I have seen the device in the container, but the device has no driver:

/sys/devices/pci0000:00/0000:00:02.0/0000:01:01.0 # cat uevent
PCI_CLASS=20000
PCI_ID=8086:1581
PCI_SUBSYS_ID=8086:0000
PCI_SLOT_NAME=0000:01:01.0
MODALIAS=pci:v00008086d00001581sv00008086sd00000000bc02sc00i00

Machine type is pc with shpc=on Is there something wrong with my environment, or something else? @bergwolf @sboeuf

sboeuf commented 5 years ago

@miaoyq Have you been able to make this work with a simple veth hotplug?

The network hotplug of a VFIO device is not supported yet, but should land soon. I just want to make sure the standard veth use case works for you.

miaoyq commented 5 years ago

Have you been able to make this work with a simple veth hotplug?

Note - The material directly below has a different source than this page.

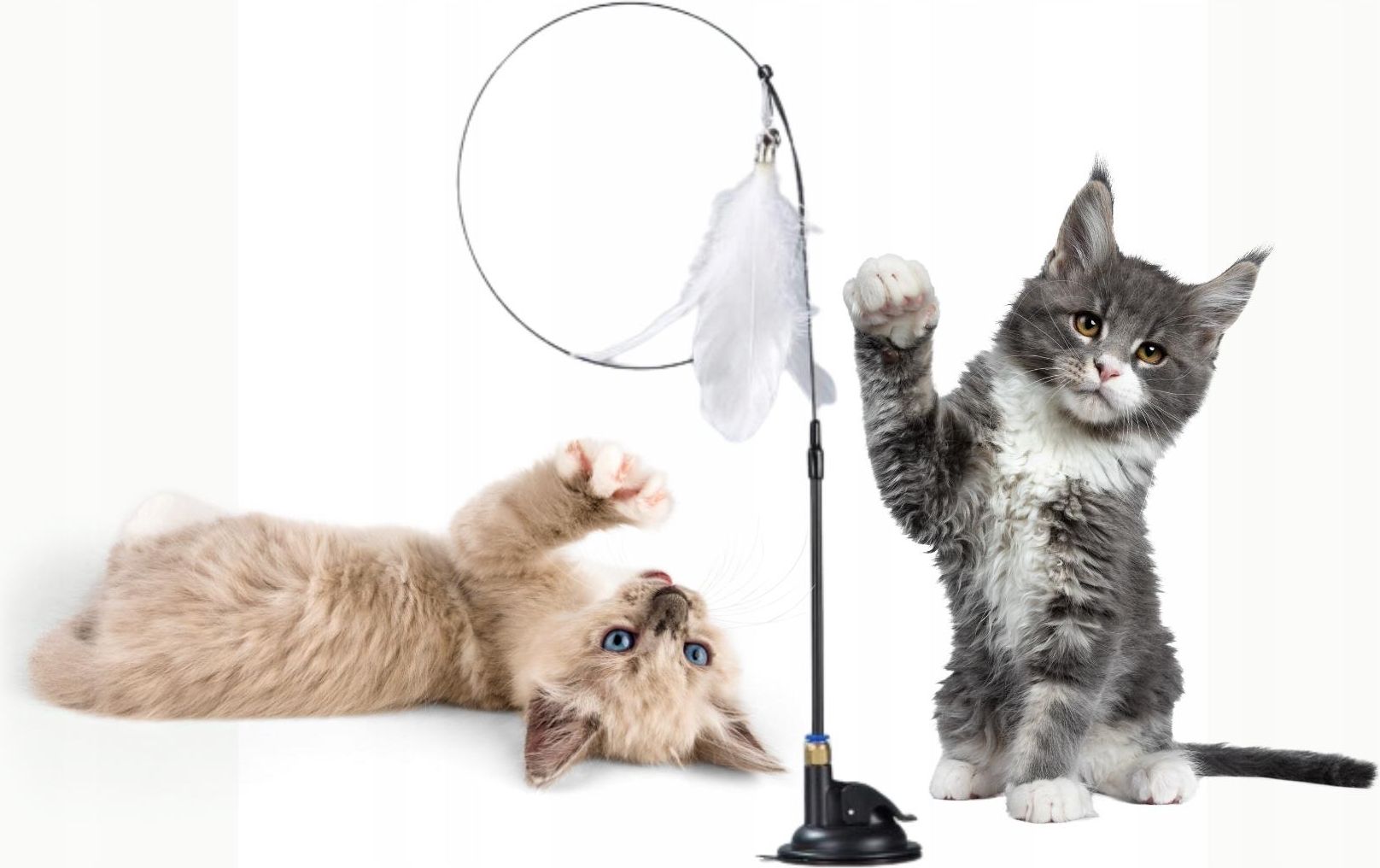 Zabawka Interaktywna Dla Kota Wędka Z Piórkami I Przyssawką Zabawka Ruchoma Świecie

@sboeuf Yeah, works very well :-)

We were implementing the network hotplug of a VFIO device locally based on v1.3.0. it works well in one of my environments, but always failed in another one with above error print.

sboeuf commented 5 years ago

@miaoyq Oh okay! So I think the issue might come from the fact that your device needs a lot of memory and because it is hotplugged behind a PCI bridge, the reserved space is not large enough. Try to use:

hotplug_vfio_on_root_bus = true

from the configuration.toml. The main PCI bus has more space and should be able to support your device.

miaoyq commented 5 years ago

Thanks @sboeuf I set hotplug_vfio_on_root_bus = true, and get following print:

"{\"error\": {\"class\": \"GenericError\", \"desc\": \"Bus 'pcie.0' does not support hotplugging\"}}" 

It seems that root bus does not support hotplug.

sboeuf commented 5 years ago

@miaoyq are you using q35 machine type? You need to use pc, which will allow devices to be plugged onto the PCI host bridge directly. By using q35, you would require some extra code taking care of creating a PCIe hierarchy so that you can hotplug to a downstream root port for instance.